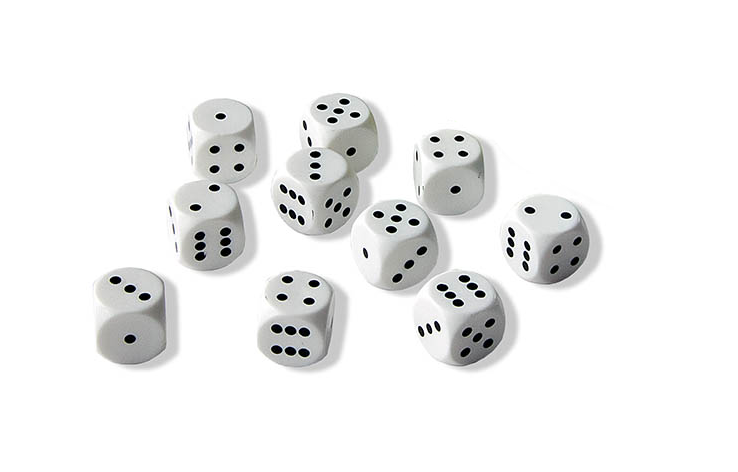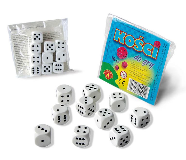 Kostki białe z dużymi, widocznymi czarnymi kropkami.
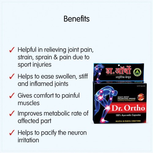 Each Dr. Ortho Ayurvedic capsules contain herbal extracts of 8 different herbs which contains medicinally important properties.Each herb has ardent anti-inflammatory properties, which helps in reducing inflammation or swelling and relieving pain. It rectifies the interrupted metabolism and accelerating metabolic rate. This aids in the elimination of the toxins which aggravates inflammation.
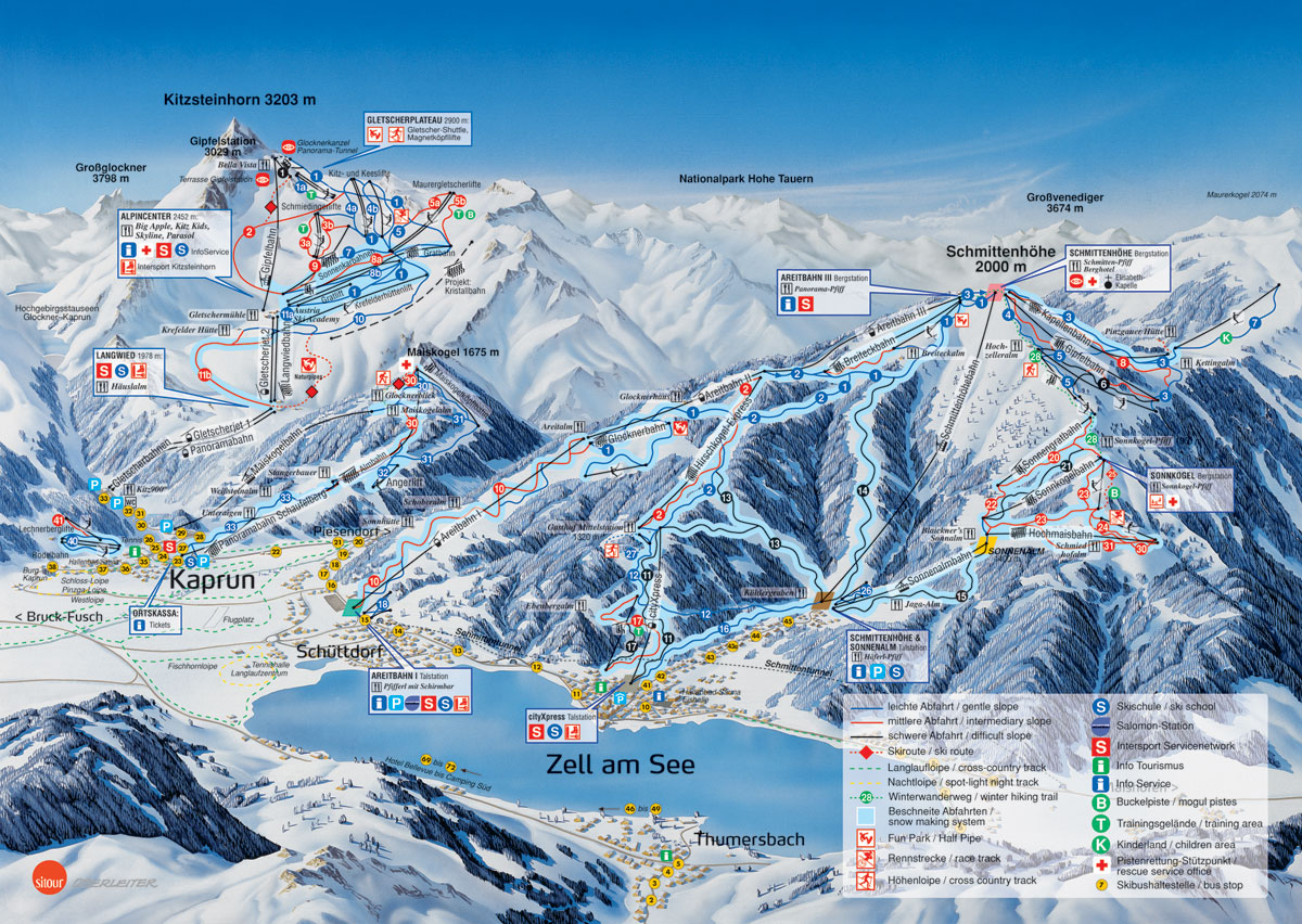 V lyžařském resortu Kitzsteinhorn se lyžaři mohou těšit celkem na 41 km sjezdových tratí, které se rozprostírají v nadmořské výšce od 1 976 m do 3 029 metrů. Velké možnosti skýtá také areál vyznavačům freeridu. Lyžaře dokáže přepravit celkem 20 vleků, ve středisku můžete počítat i se snowparkem a lyžařskou školou. Se skipasem "Zell am See - Kaprun" získáte navíc přístup ke 138 km sjezdovek a 50 moderním lanovkám a vlekům v lyžařských střediscích Maiskogel a Schmittenhöhe, stejně jako v ledovcovém středisku, které dosahuje výšky 3 029 m. Díky lanovkám Schmittenhöhe, CityXpress a TrassXpress se do lyžařského střediska dostanete během několika minut. Lyžařské středisko Maiskogel nabízí velký počet širokých, modrých sjezdovek a je jak dělané pro rodiny s dětmi. U vleku Maiskogelköpfel také naleznete sedmikilometrovou a zároveň nejdelší sjezdovku lyžařského regionu. Kitzsteinhorn (3 203 m) zaručuje absolutní jistotu sněhu a lákat vás bude na jeho středně těžké sjezdy. Pokročilé a zkušené lyžaře to však přece jen spíše táhne do k Schmittenhöhe (2 000 m), jejíž sjezdovka "Trassabfahrt" o celkové délce 4 km patří k těm nejtěžším v celém středisku. Freerideři zase budou milovat volnou pláň pod lanovkou Sonnkogel a pro snowboardisty si každé ze středisek připravilo vlastní snowpark s tables, slides a jumps! Se skipasem "Salzburg Super Ski Card" budete mít dokonce přístup k 2 200 km sjezdovek v 23 lyžařských střediscích, jako jsou například Saalbach - Hinterglemm - Leogang, Kitzbühel nebo Salzburger Sportwelt.
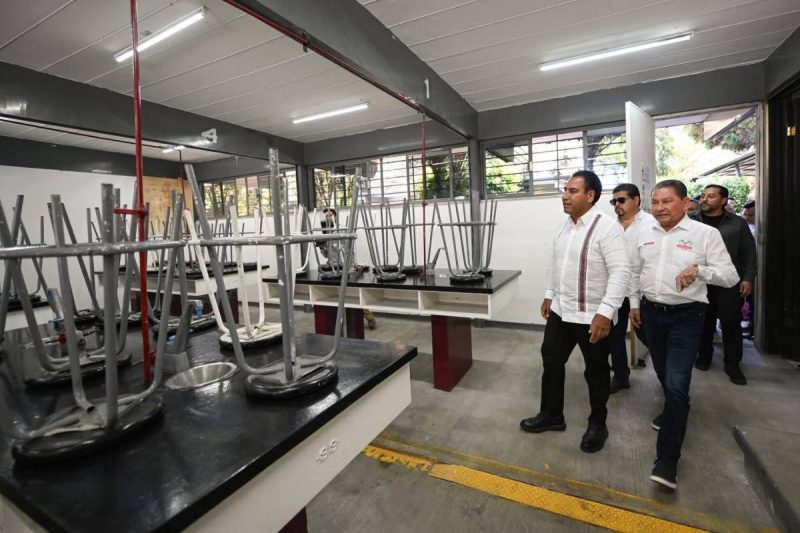 Más tarde, el gobernador recorrió las instalaciones del Centro de Bachillerato Tecnológico Industrial y de Servicios (CBTis) número 108, institución que recientemente cumplió 50 años de vida. En ese marco, se comprometió a respaldar a este plantel con la construcción de sanitarios, así como la rehabilitación de talleres, salones y laboratorios, a fin de dotar a las y los estudiantes de espacios dignos que favorezcan su aprendizaje.
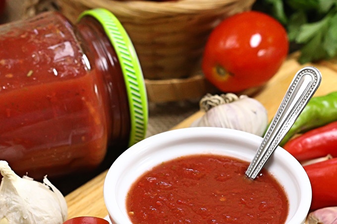 За да се подготвите за зимата ще ви трябват минимум съставки: домати, пресен босилек (заради липсата му може да се замени с изсушен), чесън и лют пипер. За да подобрите вкуса, можете да добавите фракция от смлян пипер или провансалски билки.
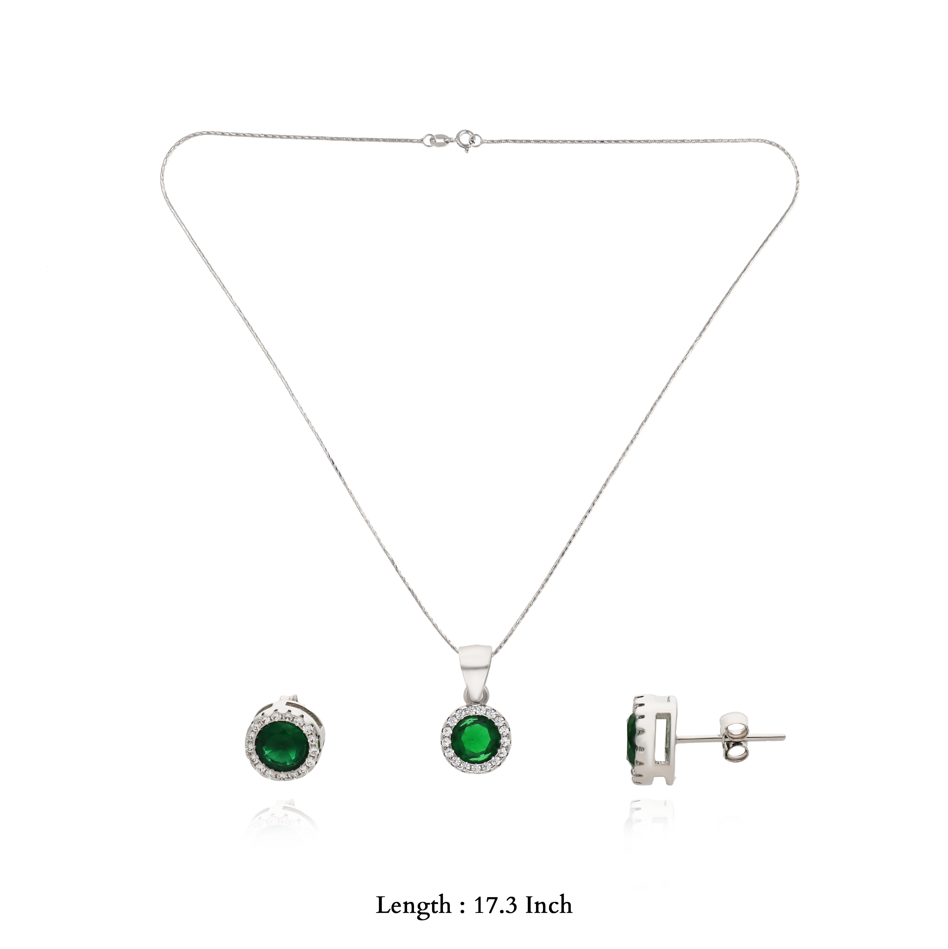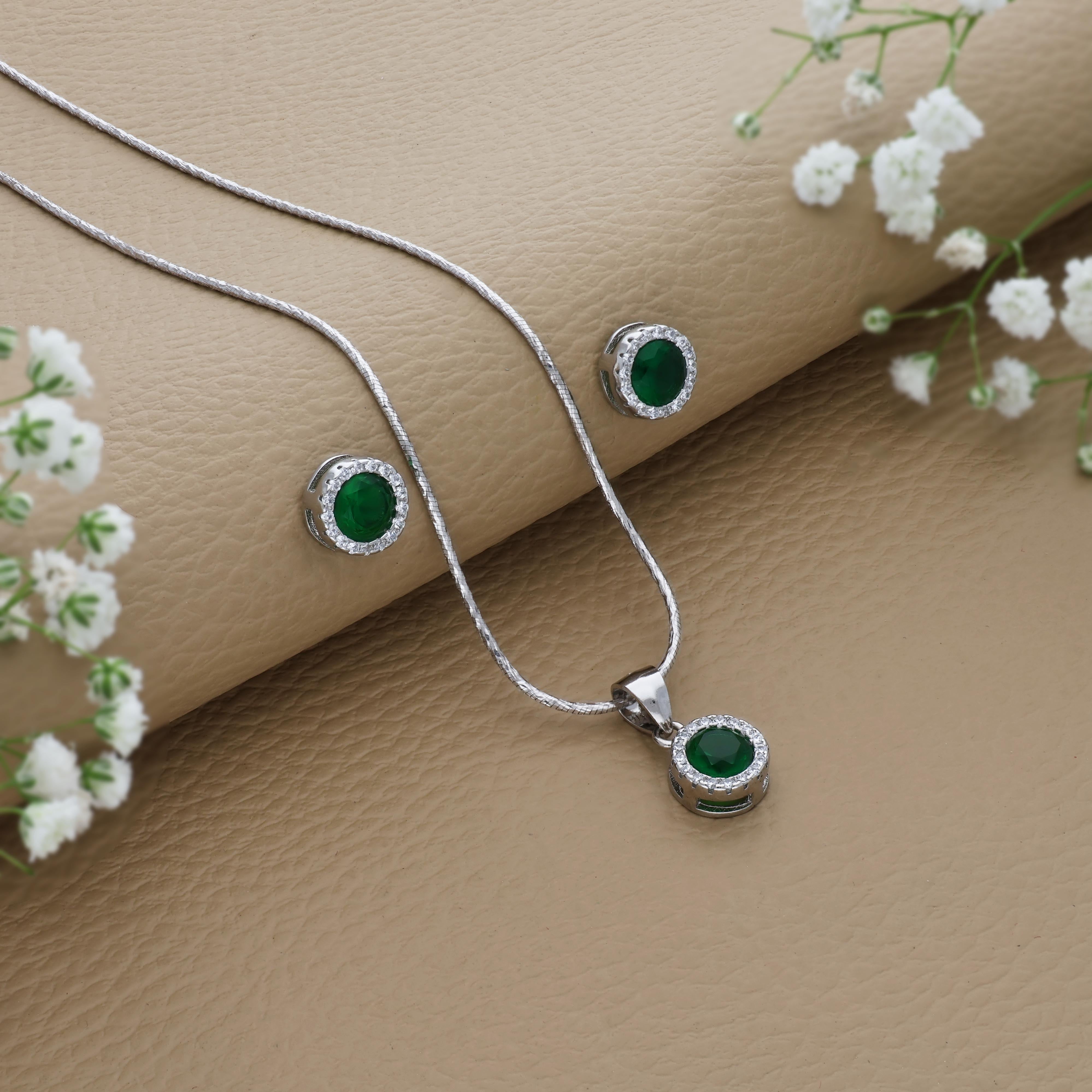 • Add a refreshing touch to your style with the Glowing Green Circle Silver Pendant Set. Adorned with high-quality green zircon stones in a classic circular design, this set includes one pendant and a matching pair of studs for a perfectly coordinated look. Skin-friendly and revaluable, it’s ideal for women and teens who love timeless elegance with a vibrant sparkle.
● ● ● ●
Only the lines from the line with "Más tarde, el" to the bottom of the material above should be reproduced, exactly and without pictures.

[SOLUTION TO THE PROBLEM]
 Más tarde, el gobernador recorrió las instalaciones del Centro de Bachillerato Tecnológico Industrial y de Servicios (CBTis) número 108, institución que recientemente cumplió 50 años de vida. En ese marco, se comprometió a respaldar a este plantel con la construcción de sanitarios, así como la rehabilitación de talleres, salones y laboratorios, a fin de dotar a las y los estudiantes de espacios dignos que favorezcan su aprendizaje.
 За да се подготвите за зимата ще ви трябват минимум съставки: домати, пресен босилек (заради липсата му може да се замени с изсушен), чесън и лют пипер. За да подобрите вкуса, можете да добавите фракция от смлян пипер или провансалски билки.
 • Add a refreshing touch to your style with the Glowing Green Circle Silver Pendant Set. Adorned with high-quality green zircon stones in a classic circular design, this set includes one pendant and a matching pair of studs for a perfectly coordinated look. Skin-friendly and revaluable, it’s ideal for women and teens who love timeless elegance with a vibrant sparkle.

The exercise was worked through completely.